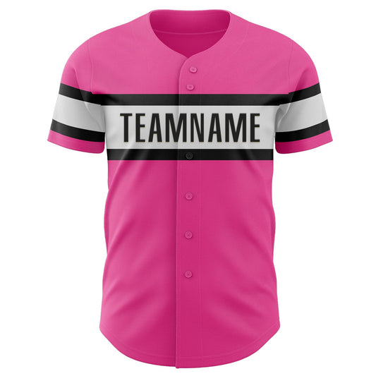 Custom Pink White-Black Hockey Lace Neck Jersey
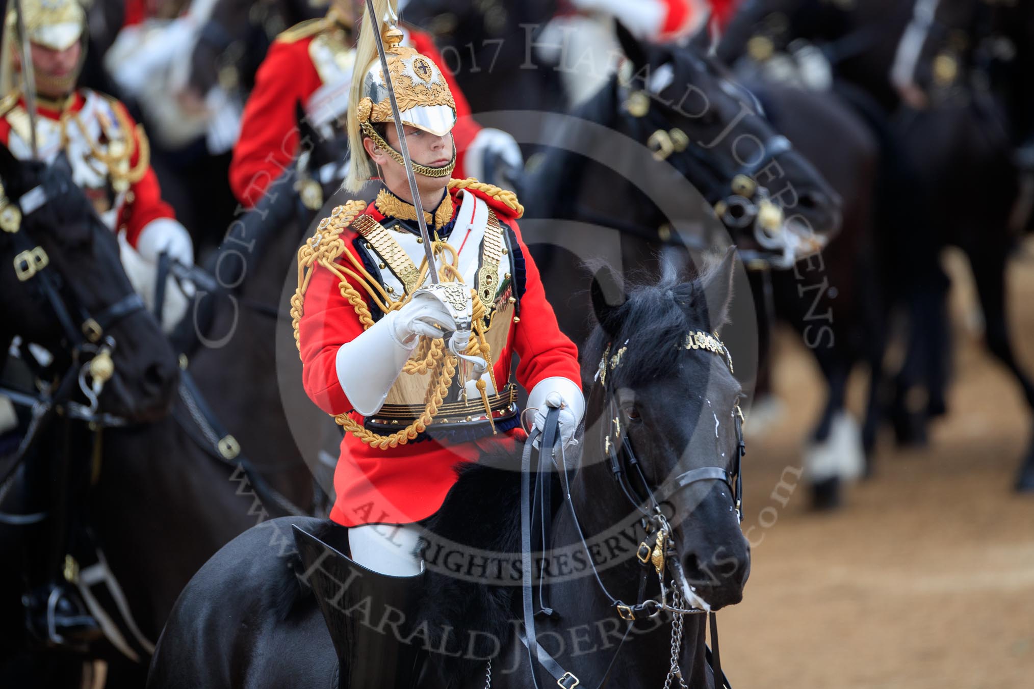 during The Colonel's Review {iptcyear4} (final rehearsal for Trooping the Colour, The Queen's Birthday Parade) at Horse Guards Parade, Westminster, London, 2 June 2018, 12:03.
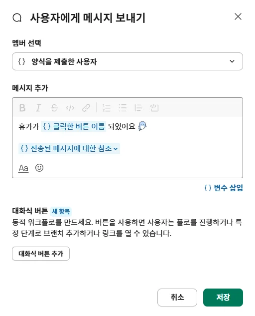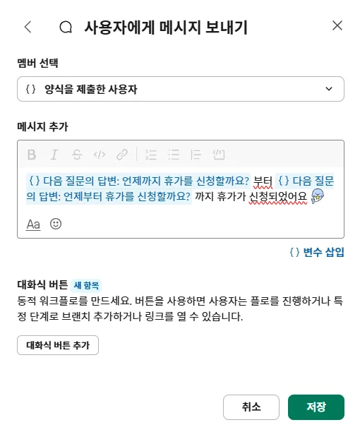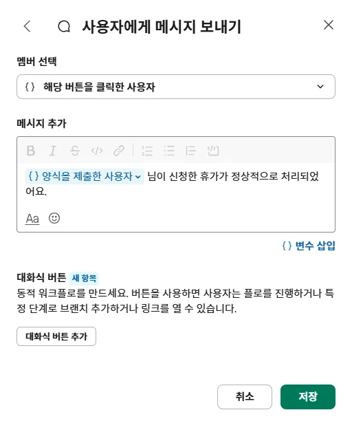 사용자에게 메시지 보내기를 선택하고해당 버튼을 클릭한 사용자를 선택해요.변수 삽입을 눌러양식을 제출한 사용자를 추가하고, 휴가가 정상적으로 처리되었다는 메시지를 작성해요.그러면 이제 휴가가 정상적으로 처리되었을 때, 담당자에게 휴가 처리가 완료되었다는 메시지가 전달됩니다.
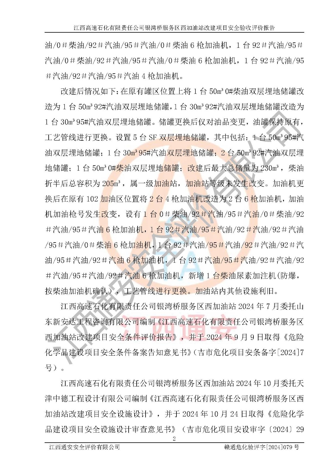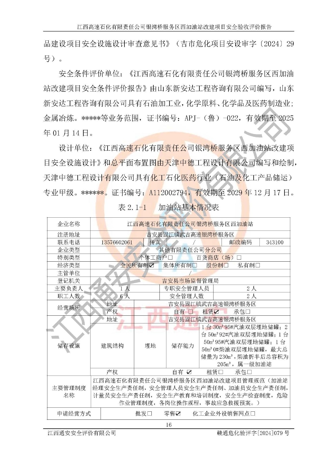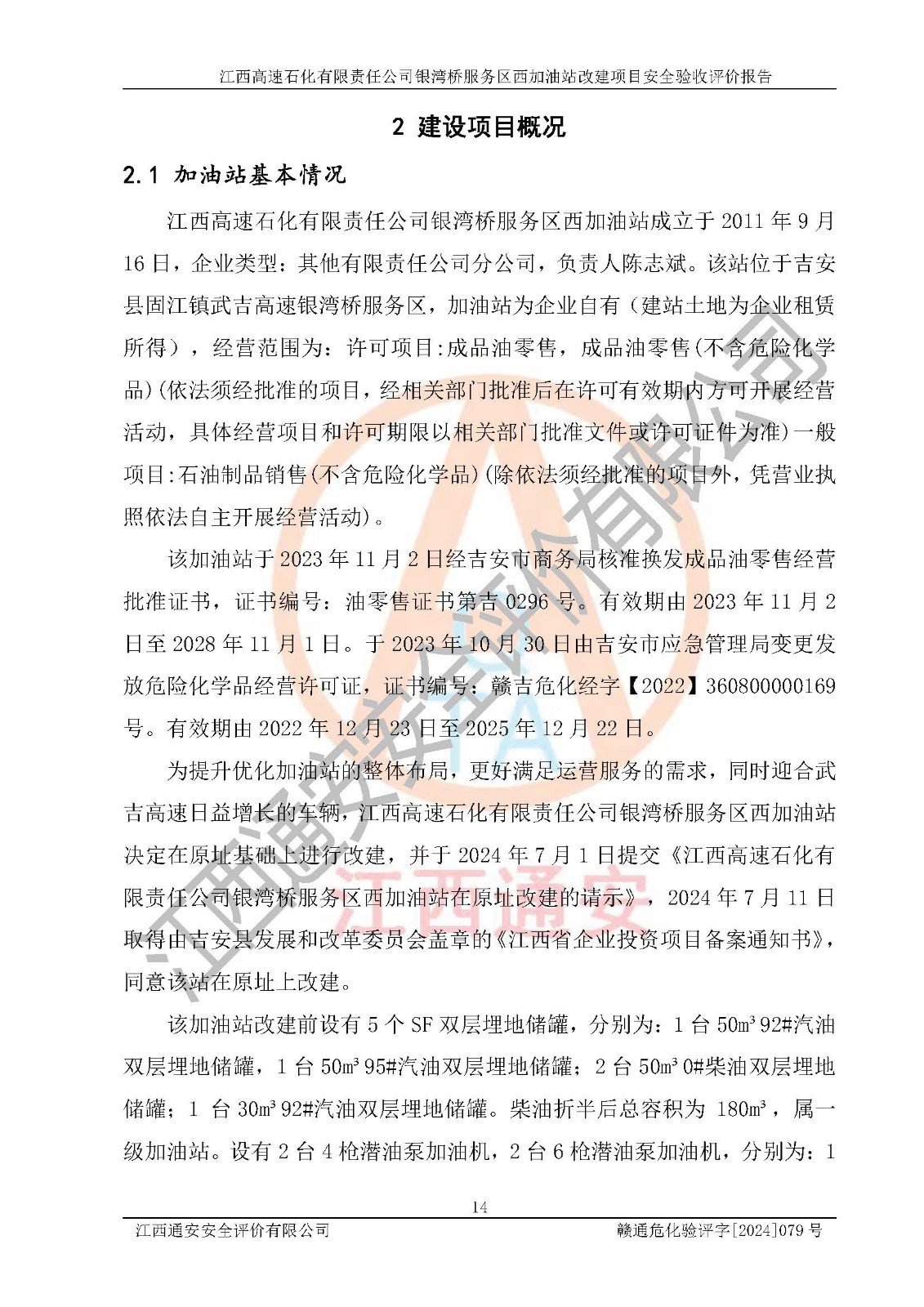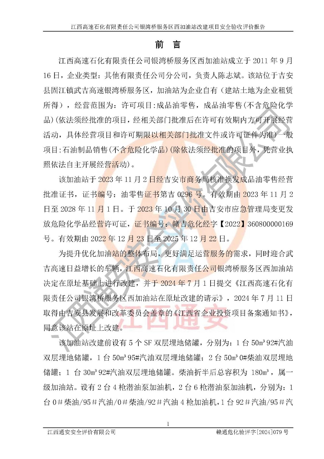 項目名稱 | 江西高速石化有限責(zé)任公司銀灣橋服務(wù)區(qū)西加油站改建項目安全驗收評價報告 | ||||
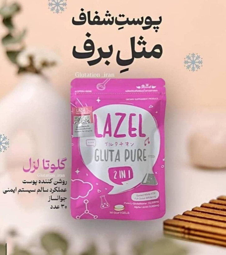 مکمل غذایی Lazel Gluta Pure 2 in 1 برای روشن کننده پوست شامل 30 عدد کپسول ژله ای نرم است. LAZEL Glutathione دارای گلوتاتیون یک ماده محبوب در محصولات زیبایی است که باعث می شود بدن نوع متفاوتی از ملانین تولید کند که اثر روشن کنندگی روی پوست دارد. می توان از آن در سرم ها برای کاهش رنگدانه های پوست و از بین بردن لکه های پیری استفاده کرد.
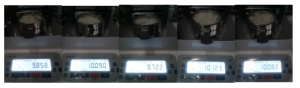 2.將防風(fēng)盤、支架、樣品盤一一裝好,接通電源,按下開機(jī)鍵,顯示屏進(jìn)入開機(jī)界面,首先按去皮鍵減去樣品盤重量,后將100g砝碼放入托盤進(jìn)行校準(zhǔn);
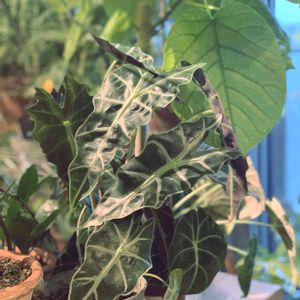 のんびりメロちゃんがやる気出してきた♡ アロカシアは葉の交代が早いから新葉出てくると下葉枯れだすのがネック🫠 見ようによっては斑入りっぽい?!
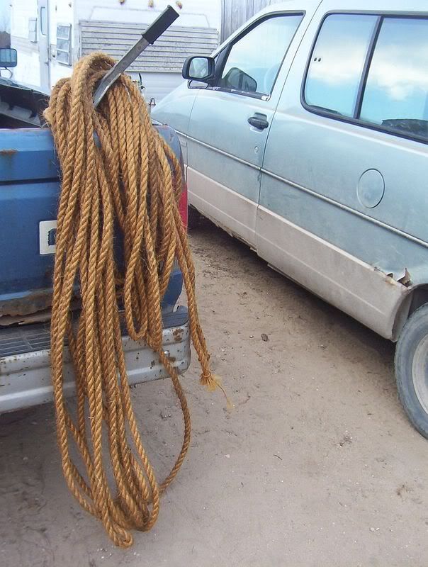 I used it all in one 3/4" rope that is 140 feet long. That bale of twine was wrapped in burlap. I would love to have a couple of skids full of it. http://i183.photobucket.com/albums/x...peresized2.jpg
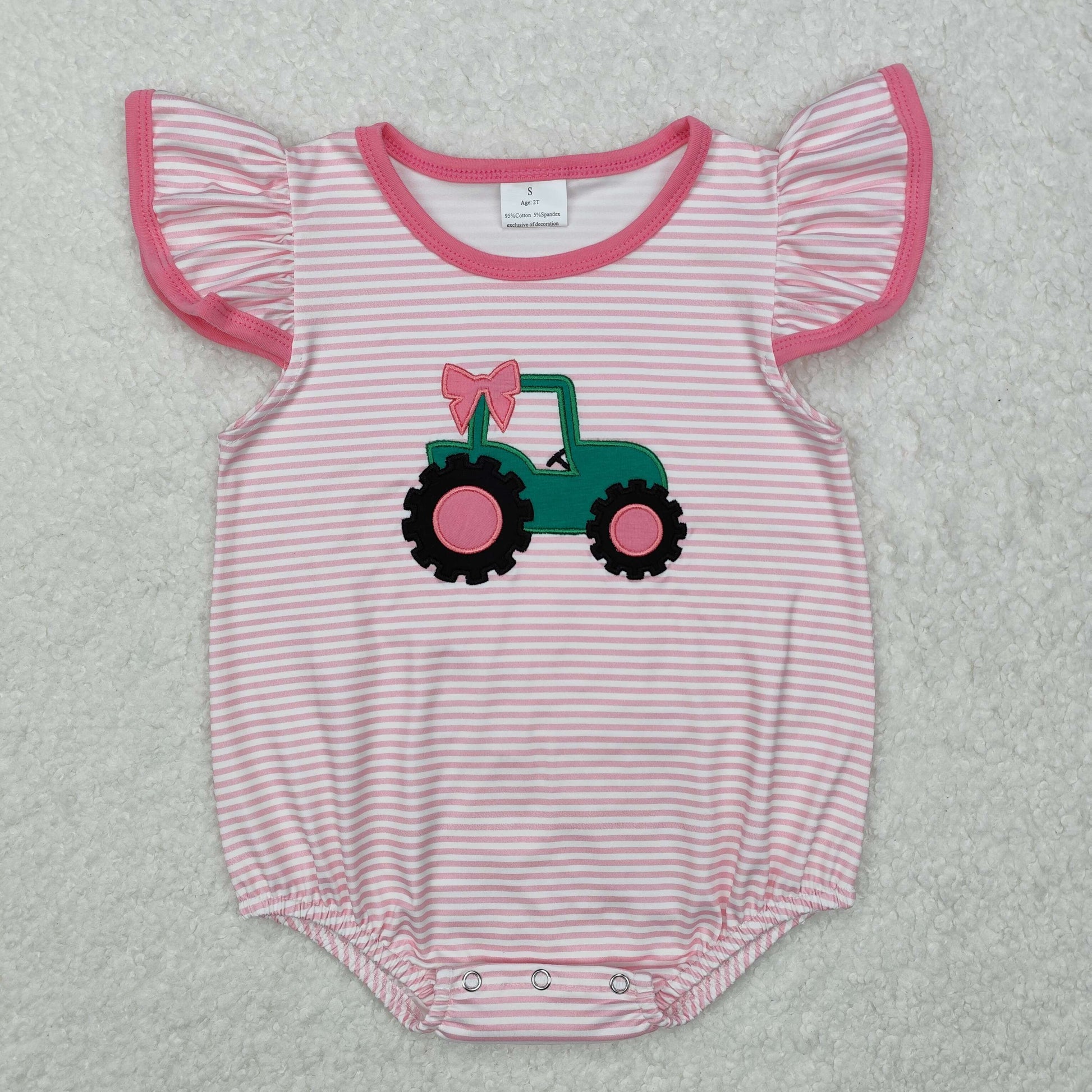 USA Shop Baby Infant Girls Pink Tractor Bow Rompers
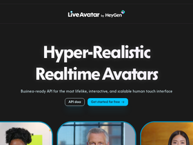 68%LiveAvatar offers enterprise-grade real-time AI avatar solutions powered by HeyGen's industry-leading, hyper-realistic research, enabling visionary developers and organizations to bring fast, scalable and interactive face-to-face human presence into AI agents, products, and customer experiences.
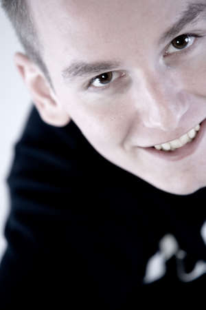 Close up portrait of young man with striking blue eyes looking at camera against neutral background, copy space
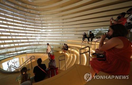 epa09501837 People visit the UK Pavilion during the second day of the EXPO 2020 Dubai in Gulf emirate of Dubai, United Arab Emirates, 02 October 2021. 192 countries take part with their pavilions in the EXPO 2020 Dubai which is the first international Expo to be held in the Middle East, Africa and South Asia (MEASA) region running between 01 October 2021 and 31 March 2022. EPA/ALI HAIDER
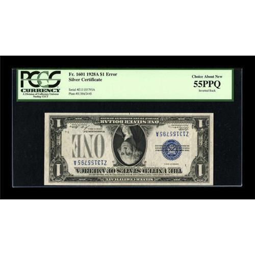<B>Fr. 1601 $1 1928A Silver Certificate. PCGS Choice About New 55PPQ.</B></I><BR> Plenty of embossing is still seen on this inverted back ace that was put away after a brief sojourn in commerce.<BR><I>From The Amelia Island Collection.</B></I><BR><BR><b>Shipping:</b> Coins & Currency (<a target="_blank" href="http://www.heritageauctions.com/common/shipping.php">view shipping information</a>)
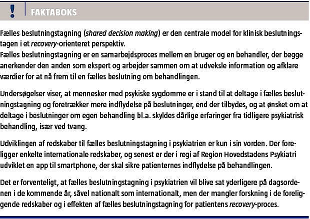 er den centrale model for kliniske beslutninger i et recovery-orienteret perspektiv [4]. Ved fælles beslutningstagning forstås en tilgang, hvor enhver behandlingsmæssig beslutning tages i samarbejde mellem patienten og dennes behandler(e). I fælles beslutningstagning betragtes patienten som en ekspert på lige fod med behandleren. Behandleren er ekspert i behandlingen, mens patienten er ekspert i sit liv, sine oplevelser af sygdommen og de ting, der betyder noget for ham/hende [5].
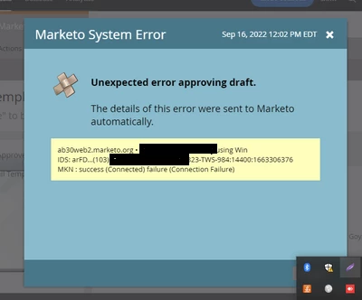 Getting error in approving the Master Template
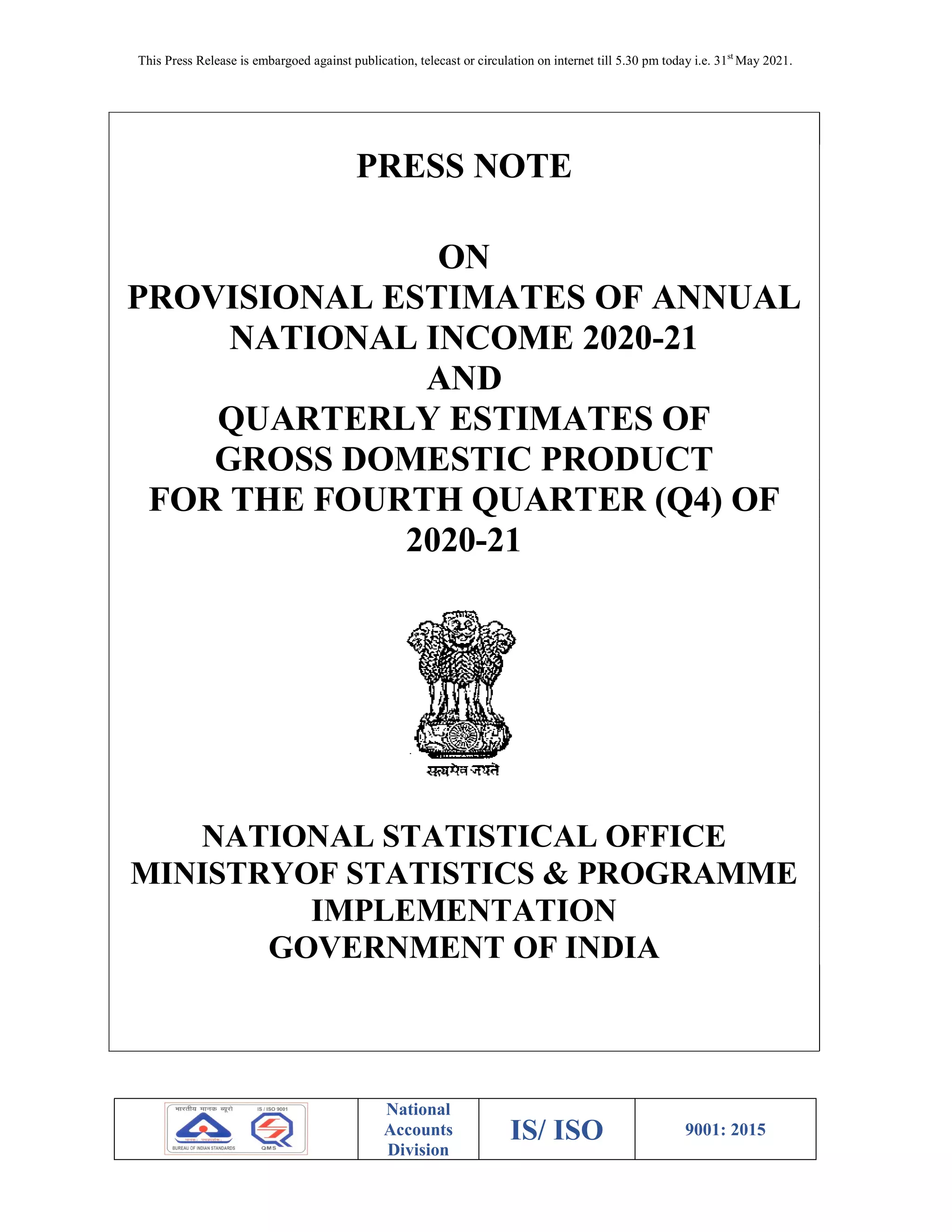 The document provides a summary of India's annual national income estimates for 2020-21 and quarterly GDP estimates for Q4 of 2020-21. Some key points:
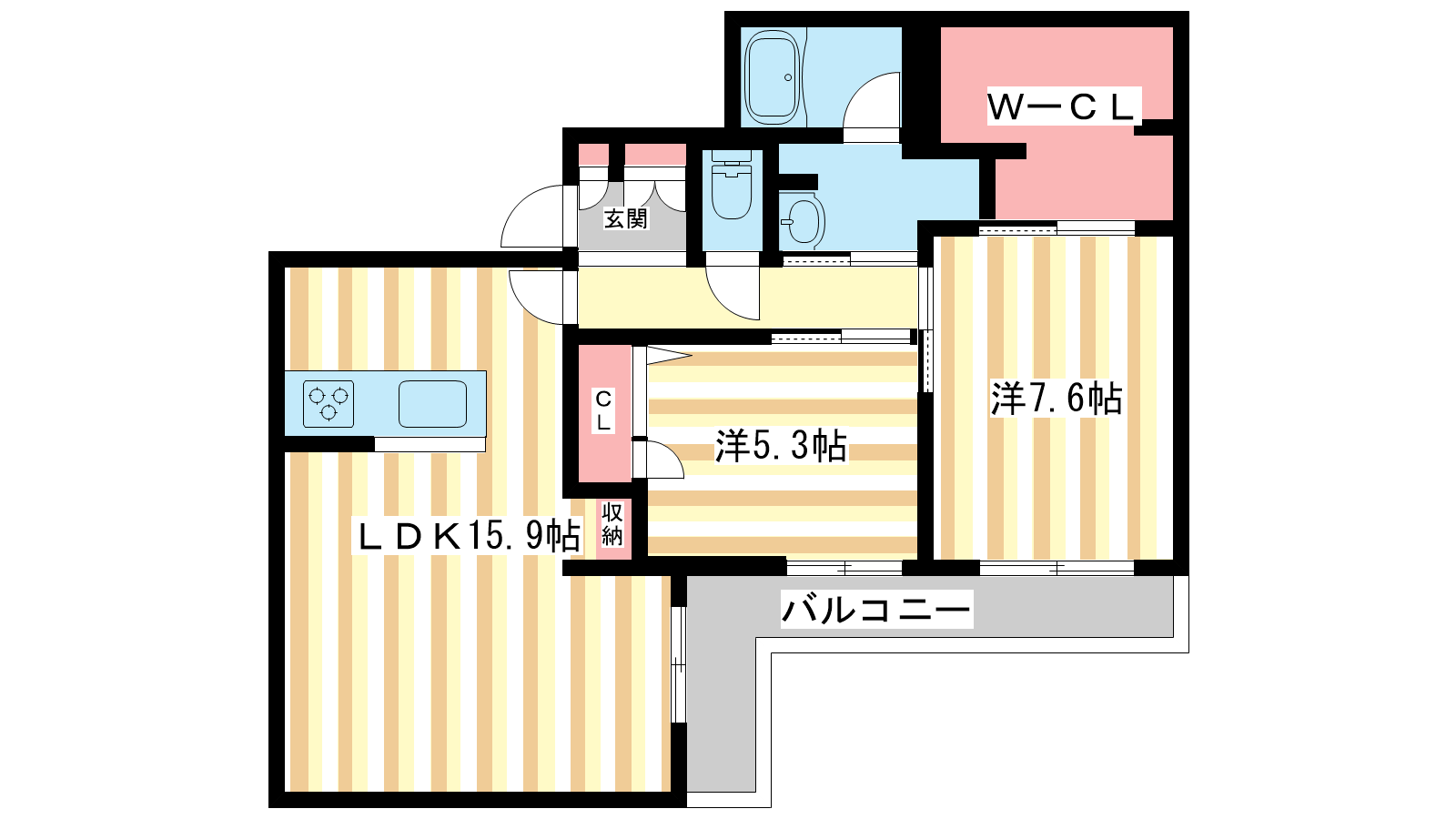 - LDK15.9帖、洋室7.6帖、洋室5.3帖
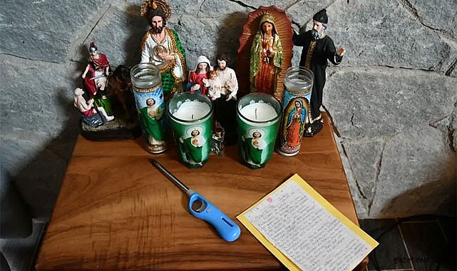 El Mencho’nun villasındaki odalardan birinde derme çatma bir sunak yer alıyordu. Sunakta Meksika’nın azizesi Guadalupe Bakiresi ve Aziz Jude Thaddeus’un figürleri bulundu. Aziz Thaddeus, Hristiyanlıkta “umutsuz durumların ve kaybedilmiş davaların hamisi” olarak biliniyor.Yemek masasının üzerinde, el yazısıyla yazılmış bir İncil pasajı ve parlak kırmızı fiyonklu küçük bir kutu dikkat çekti.
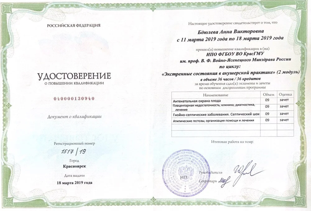 Удостоверение на повышении квалификации по дополнительной профессиональной программе "Экстренные состояния в акушерской практике" VIVI.clinicNovember 1, 2024bduleva
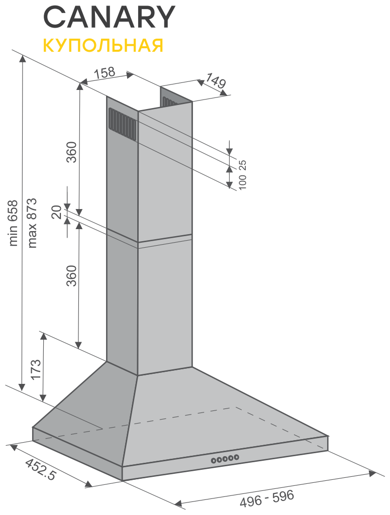 Купольная настенная модель Canary в высокотехнологичном корпусе из нержавеющей стали. Механические хромированные кнопки управления. Яркое светодиодное освещение, высокопроизводительный мотор. Купольная кухонная вытяжка монтируется на стену над варочной панелью, как самостоятельный элемент интерьера или между двумя верхними кухонными шкафами. Вытяжка может работать в двух режимах: отвод и рециркуляция.
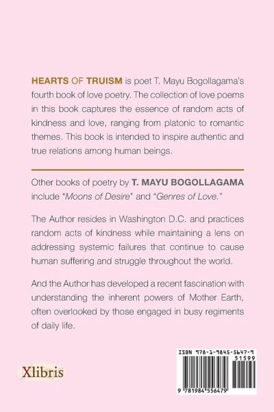 Hearts of Truism is poet T. Mayu Bogollagama's fourth book of love poetry. The collection of love poems in this book captures the essence of random acts of kindness and love, ranging from platonic to romantic themes. This book is intended to inspire authentic and true relations among human beings.

·····

TO DO – Give again exactly the lines running from the beginning of the material above through the line that contains "項目名稱 | 江西高速石化有限責(zé)任公司銀灣橋服務(wù)區(qū)西加油站改建項目安全驗收評價報告", and leave out every picture.

TASK SOLUTION –
 Custom Pink White-Black Hockey Lace Neck Jersey
 during The Colonel's Review {iptcyear4} (final rehearsal for Trooping the Colour, The Queen's Birthday Parade) at Horse Guards Parade, Westminster, London, 2 June 2018, 12:03.
 사용자에게 메시지 보내기를 선택하고해당 버튼을 클릭한 사용자를 선택해요.변수 삽입을 눌러양식을 제출한 사용자를 추가하고, 휴가가 정상적으로 처리되었다는 메시지를 작성해요.그러면 이제 휴가가 정상적으로 처리되었을 때, 담당자에게 휴가 처리가 완료되었다는 메시지가 전달됩니다.
 項目名稱 | 江西高速石化有限責(zé)任公司銀灣橋服務(wù)區(qū)西加油站改建項目安全驗收評價報告 | ||||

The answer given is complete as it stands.